This transition to retirement has me looking back at times to an earlier transition in my life—college. I wrote a blog post 8 years or so ago about a few of my experiences at Huston-Tillotson College (now Huston-Tillotson University, a private, historically African American school) in Austin, Texas. We called it H-T for short. The post was entitled “Patience is a Virtue.”
You have to remember, this was in the ‘70s. A lot has changed, including me. The blog post is going to be different now.
I’m not what you’d call a patient person by nature although I’m much older and patience comes easier nowadays. Patience is arguably the physician’s most valuable asset, so it was worthwhile for me to work at cultivating it. We’ve all heard that doctors start yapping almost before patients are through talking.
I’m still learning to be patient. I think I first realized that people thought I was impatient when I was a freshman at H-T. They were right; I just didn’t know it then.
I remember a day when I was pretty annoyed about some remarks a peer made during a class in Black History (we were still “black” in those days). After class, I vented about it with the teacher, Dr. Lamar Kirven, who was also a Major in the military. We called him Major Kirven.
We loved Major Kirven. He had a wonderful sense of humor and laughed along with us when we had to tell him we just could not read his indecipherable scrawls on the blackboard. We didn’t have PowerPoint—and I don’t think it would have helped him.
Anyway, Major Kirven listened without saying a word during my long diatribe. I’ll never remember what that nonsense was all about; it doesn’t matter now.
He listened deeply and, at the time it didn’t occur to me to be surprised about that. I was too busy liking the sound of my own opinions. Several times he could have interrupted and justifiably corrected me.
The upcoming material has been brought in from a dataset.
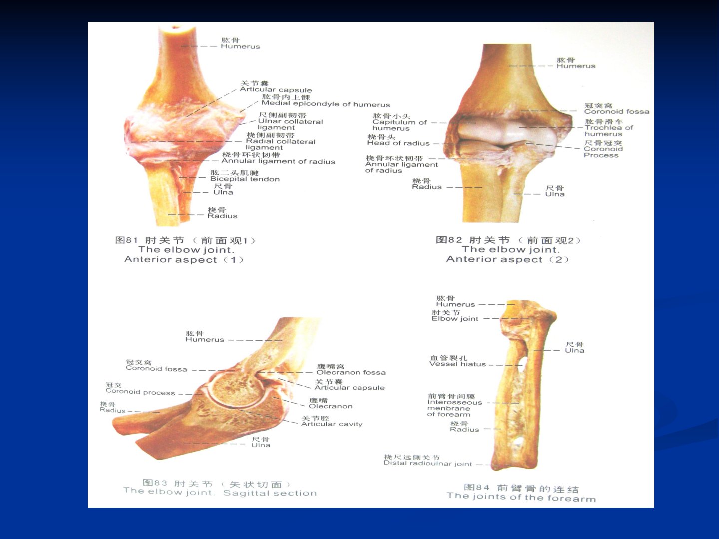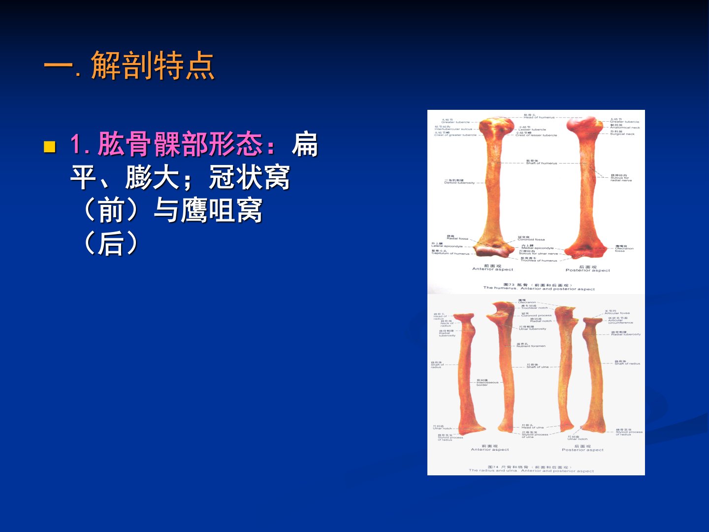 肱骨髁上骨折解剖特点为肱骨髁部扁平膨大有前倾角肘前方有肱动、静脉和正中神经肱骨内上髁后方有尺神经肱骨外侧有桡神经。分型包括伸直型(9095)和屈曲型(510)伸直型又根据远侧骨折块移位方向分尺偏型、桡偏型和单纯伸直型。伸直型由间接暴力所致屈曲型由直接暴力所致。临床表现上早期骨折移位轻时肘部无明显肿胀晚期或严重移位者则出现肿胀、瘀斑、畸形等症状且有4P征表现。治疗时无移位骨折用长臂石膏或超关节小夹板固定移位骨折争取早复位解除对神经血管的压迫。长斜骨折不稳定骨折采用牵引治疗。并发症包括血循环障碍、缺血性挛缩、神经损伤和肘内翻其中缺血性挛缩是最严重的并发症多在伤后或复位固定后2448小时内发生需立即解除外固定应用血管扩张剂必要时切开筋膜室并探查桡动脉。

He didn’t. He waited until I was finished.
And then, very gently he said, “Brother Amos, patience is a virtue”. It suddenly struck me that he had been very patiently listening to a very impatient young man’s philippic about the shortcomings of everyone but himself for almost a half hour before he made that brief observation.
I’ve been trying to be more patient. Along the way, I’ve discovered and rediscovered the truth of a statement that has often been attributed to Stephen Covey,
“With people, if you want to save time, don’t be efficient. Slow is fast and fast is slow.”
Stephen Covey
There’s a lot that goes into being an effective psychiatric consultant, not the least of which is the skill of transforming “That’s all I can do” into “I will do all I can.” That’s usually a lot easier if I listen patiently to what my colleagues, my trainees, and my patients want.